#### Entries provided:
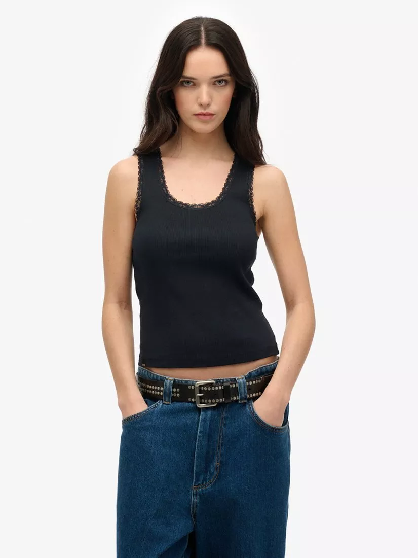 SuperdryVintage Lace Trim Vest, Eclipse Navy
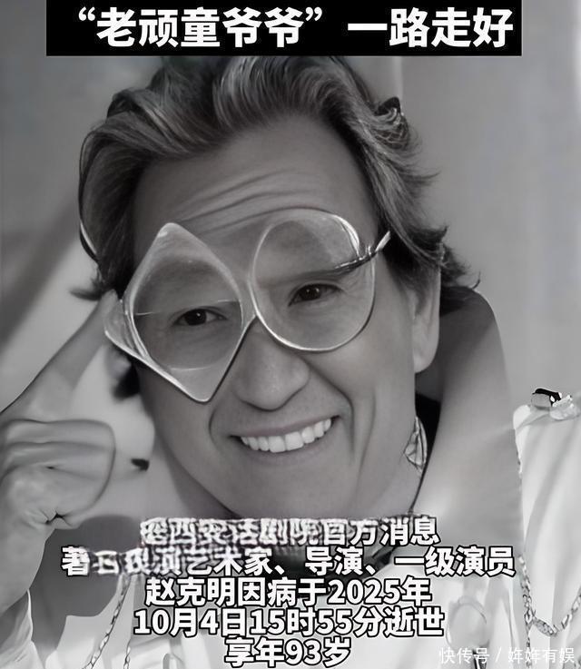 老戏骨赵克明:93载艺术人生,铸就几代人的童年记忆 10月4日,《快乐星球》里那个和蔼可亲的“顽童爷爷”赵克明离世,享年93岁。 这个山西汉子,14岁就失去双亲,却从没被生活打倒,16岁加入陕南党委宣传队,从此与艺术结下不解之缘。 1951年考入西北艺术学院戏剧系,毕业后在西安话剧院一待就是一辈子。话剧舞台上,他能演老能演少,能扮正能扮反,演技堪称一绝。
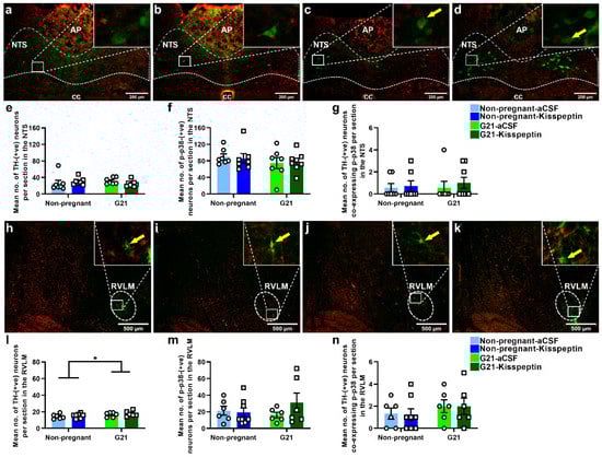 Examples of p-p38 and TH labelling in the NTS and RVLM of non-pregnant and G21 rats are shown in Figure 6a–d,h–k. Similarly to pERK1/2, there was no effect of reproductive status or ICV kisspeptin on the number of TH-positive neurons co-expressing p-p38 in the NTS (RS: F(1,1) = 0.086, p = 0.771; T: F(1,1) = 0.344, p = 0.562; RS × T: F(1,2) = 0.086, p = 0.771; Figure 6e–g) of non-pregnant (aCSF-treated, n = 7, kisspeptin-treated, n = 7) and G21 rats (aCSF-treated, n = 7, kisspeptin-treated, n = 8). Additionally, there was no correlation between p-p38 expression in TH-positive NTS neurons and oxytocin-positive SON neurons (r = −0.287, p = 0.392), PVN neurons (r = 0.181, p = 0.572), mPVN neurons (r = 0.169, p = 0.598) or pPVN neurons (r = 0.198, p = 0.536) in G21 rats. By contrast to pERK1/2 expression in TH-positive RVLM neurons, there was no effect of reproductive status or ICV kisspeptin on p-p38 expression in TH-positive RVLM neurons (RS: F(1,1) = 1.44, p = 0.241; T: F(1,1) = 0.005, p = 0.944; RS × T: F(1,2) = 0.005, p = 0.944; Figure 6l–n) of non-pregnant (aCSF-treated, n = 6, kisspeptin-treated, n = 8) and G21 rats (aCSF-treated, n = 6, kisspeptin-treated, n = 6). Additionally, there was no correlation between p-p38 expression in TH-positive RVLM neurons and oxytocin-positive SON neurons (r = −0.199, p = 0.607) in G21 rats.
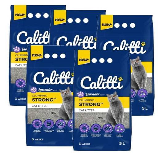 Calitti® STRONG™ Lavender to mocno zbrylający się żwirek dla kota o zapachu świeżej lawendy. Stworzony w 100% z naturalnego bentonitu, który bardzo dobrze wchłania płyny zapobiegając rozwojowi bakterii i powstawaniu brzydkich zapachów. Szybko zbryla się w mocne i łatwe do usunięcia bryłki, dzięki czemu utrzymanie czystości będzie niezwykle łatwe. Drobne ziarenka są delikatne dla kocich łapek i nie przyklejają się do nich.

* * *

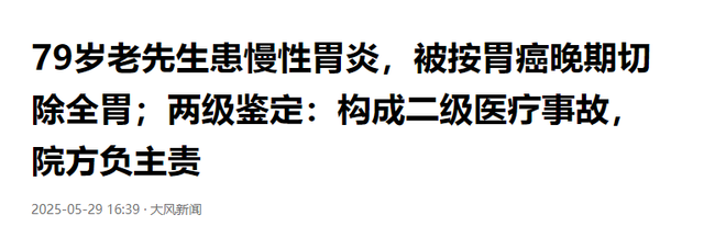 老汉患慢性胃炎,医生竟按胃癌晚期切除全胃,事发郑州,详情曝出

#### Work required:
A clean copy is needed of the lines above from the one with "Examples of p-p38" up to and including the one with "Calitti® STRONG™ Lavender". Please set it down exactly, with no pictures.

#### Result of the task:
 Examples of p-p38 and TH labelling in the NTS and RVLM of non-pregnant and G21 rats are shown in Figure 6a–d,h–k. Similarly to pERK1/2, there was no effect of reproductive status or ICV kisspeptin on the number of TH-positive neurons co-expressing p-p38 in the NTS (RS: F(1,1) = 0.086, p = 0.771; T: F(1,1) = 0.344, p = 0.562; RS × T: F(1,2) = 0.086, p = 0.771; Figure 6e–g) of non-pregnant (aCSF-treated, n = 7, kisspeptin-treated, n = 7) and G21 rats (aCSF-treated, n = 7, kisspeptin-treated, n = 8). Additionally, there was no correlation between p-p38 expression in TH-positive NTS neurons and oxytocin-positive SON neurons (r = −0.287, p = 0.392), PVN neurons (r = 0.181, p = 0.572), mPVN neurons (r = 0.169, p = 0.598) or pPVN neurons (r = 0.198, p = 0.536) in G21 rats. By contrast to pERK1/2 expression in TH-positive RVLM neurons, there was no effect of reproductive status or ICV kisspeptin on p-p38 expression in TH-positive RVLM neurons (RS: F(1,1) = 1.44, p = 0.241; T: F(1,1) = 0.005, p = 0.944; RS × T: F(1,2) = 0.005, p = 0.944; Figure 6l–n) of non-pregnant (aCSF-treated, n = 6, kisspeptin-treated, n = 8) and G21 rats (aCSF-treated, n = 6, kisspeptin-treated, n = 6). Additionally, there was no correlation between p-p38 expression in TH-positive RVLM neurons and oxytocin-positive SON neurons (r = −0.199, p = 0.607) in G21 rats.
 Calitti® STRONG™ Lavender to mocno zbrylający się żwirek dla kota o zapachu świeżej lawendy. Stworzony w 100% z naturalnego bentonitu, który bardzo dobrze wchłania płyny zapobiegając rozwojowi bakterii i powstawaniu brzydkich zapachów. Szybko zbryla się w mocne i łatwe do usunięcia bryłki, dzięki czemu utrzymanie czystości będzie niezwykle łatwe. Drobne ziarenka są delikatne dla kocich łapek i nie przyklejają się do nich.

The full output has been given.